I nudge Declan, who’s beside me. He looks down at the comments, and he, too, furrows his brows. The song finishes, so I end the live stream and take a deep breath as Declan shakes his head.

“What the actual fuck?” he questions.

“I know! We need to watch Ryan when we leave tonight. Maybe put an extra guard on him?” I ask.

Declan nods. “I can take a guard from you if you like and add him to Ryan’s watch?”

“Yes, please. I am no one. I don’t need any security. Take all the guards off me and add them to Ryan’s detail. I’m feeling uneasy about this#Hunter’sGirl… whoever she is.”

“Okay, done,” Declan says before walking off to tell his team about the new arrangement, I assume.

The guys come backstage, and Ryan walks straight past me toward the green room. I exhale and roll my eyes.

Danger looks at me and winces. “I’m sorry about him.”

I sigh. “Do you know what’s wrong?”

He nods. “Yeah.”

I pause, waiting, but he says nothing more. “Can you tell me?”

He exhales. “No. He needs to tell you himself. It’s not something I can get in the middle of. I’m sorry, Till.”

“Well, is it something I did?”

He shakes his head. “No, this is all him. Just… give him time. He’ll be okay. Don’t give up on him, please.”

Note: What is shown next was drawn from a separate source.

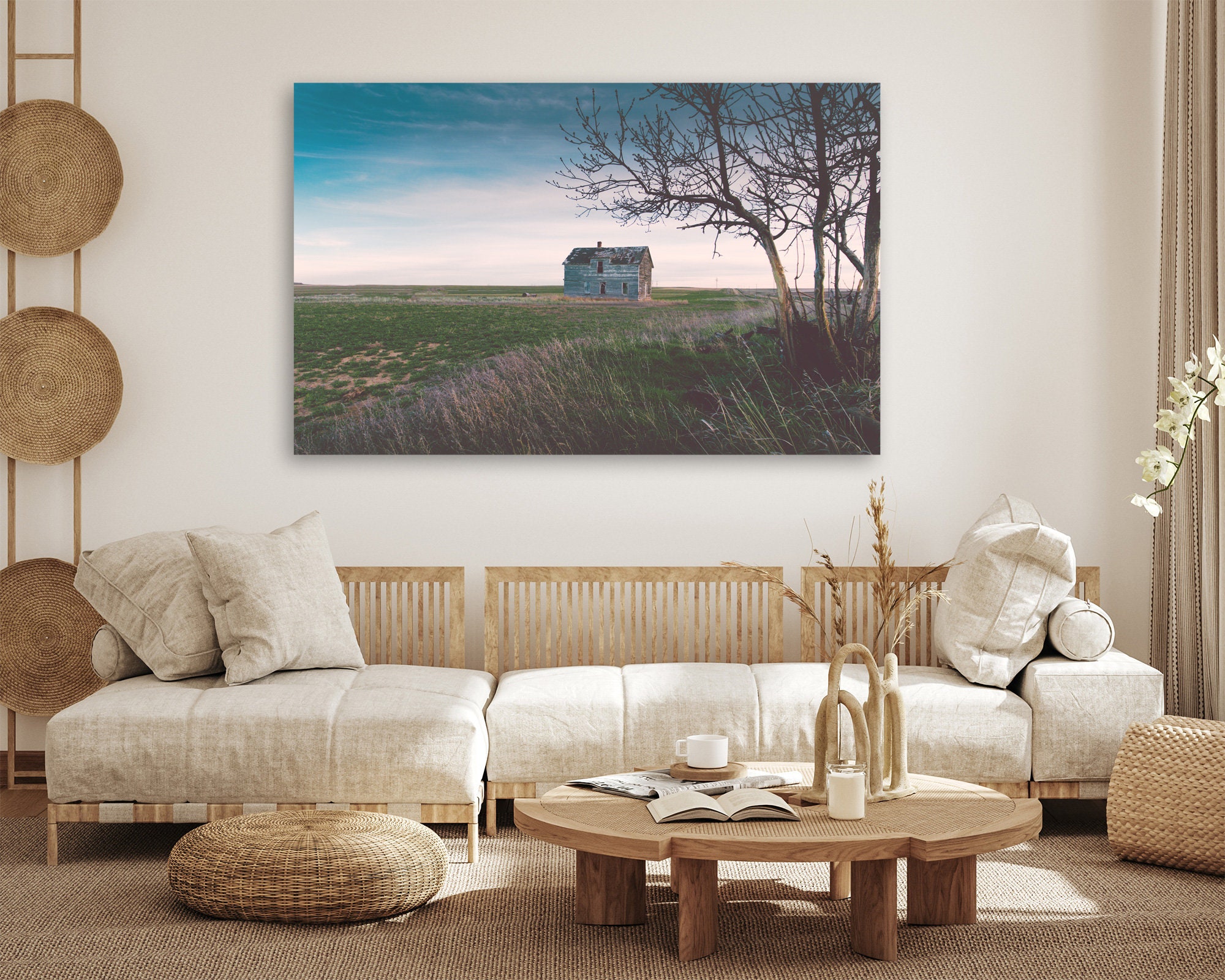 All is quiet and serene looking out over the beautiful colors of a summer sunset surrounding an abandoned farmhouse in the countryside of central Montana.

Slumping my body, I nod. “Okay.”

He rubs my shoulder, looking at me with creased brows and turned-down lips. It’s a sympathetic gesture, and I’m thankful for that. But it doesn’t help me understand Ryan any better. I walk with Danger to the green room, where everyone’s already packing up. Looks like we’re not staying here for too long before heading to the after-party.

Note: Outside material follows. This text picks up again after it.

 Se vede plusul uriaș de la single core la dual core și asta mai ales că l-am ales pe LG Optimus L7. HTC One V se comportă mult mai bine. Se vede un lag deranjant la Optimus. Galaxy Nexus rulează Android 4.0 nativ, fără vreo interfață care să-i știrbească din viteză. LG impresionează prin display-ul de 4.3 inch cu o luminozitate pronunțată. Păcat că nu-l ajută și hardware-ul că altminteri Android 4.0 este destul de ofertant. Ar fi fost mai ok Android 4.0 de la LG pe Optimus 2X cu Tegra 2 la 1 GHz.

I walk in and grab my stuff, moving past Ryan, who casually glances at me before quickly looking away again as I walk by. Gathering my bag and MacBook, I head back out and follow Oliver and Lunar, leaving everyone else to walk behind us. We march through the halls out toward where the Hummer is parked.

I glance toward Declan, and he gives me a single nod, the silent signal that everything’s set and my security detail has Ryan surrounded. The movement is subtle, almost unnoticeable to anyone else, but it loosens the coil in my chest that’s been wound too tight since the show ended. I allow myself a breath, a small smile forming as he pushes open the door and gestures for us to move.

The moment we step outside, the world erupts.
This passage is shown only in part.